The result is a masterfully constructed dose of irony. Thao is no “Chicken Soup for the Soul” book club member, but she’s no Prozac-fest either.
“Big Kid Table” is one of the best tracks, capturing her knack for remaining tuneful while confessing what is otherwise a depressing sentiment about her tendency to sabotage herself. “I drink only that which makes me thirsty,” she sings as she snaps her fingers.
In the track “Geography,” she begs the same question that Karen O. brought along when the Yeah Yeah Yeahs released the tear-down-the-cheek, drum heavy ballad “Maps.”
What exactly, is implied by maps? Apparently the flood of GPS devices and satellite imaging has been appropriated by musical poets to express some kind of mysterious sadness. “Oh geography is going to make a mess of me,” she chants.

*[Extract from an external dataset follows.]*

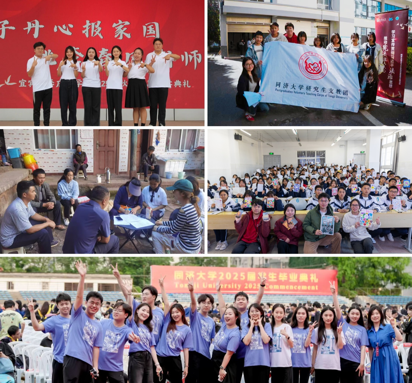 同济大学研究生支教团积极响应国家号召,扎根西部二十余载,成为西部乡村教育一线的坚实力量。学校累计选拔派遣200余名优秀学子,奔赴云南云龙、元谋及四川李庄等地,实现教学全学科覆盖,全力助力当地学生提升学业水平;同时创新性开展AI科普、乡土美育等第二课堂活动,为西部学子打开看世界的窗口。他们用青春与汗水践行教育帮扶使命,让“同舟共济”的精神在西部大地生根发芽。

Her metaphors are often equally cryptic, conveying a bizarre image that obscures her occasionally blunt accusations.
“We splash our eyes full of chemicals, just so there’s none left for little girls,” she sings on the track “Swimming Pools,” a galloping folk tune driven by a banjo. She seems to be warning of some ominous future, but the threads of her reasoning aren’t to be easily traced.
Yes, the world has wronged Thao, and in more ways than just shuffling her into becoming a one-name act. (Yes Nguyen is hard to pronounce, but we could have learned!) Despite the injustice, all she wants to do is bring you into her lair and tell you sad stories over pretty music.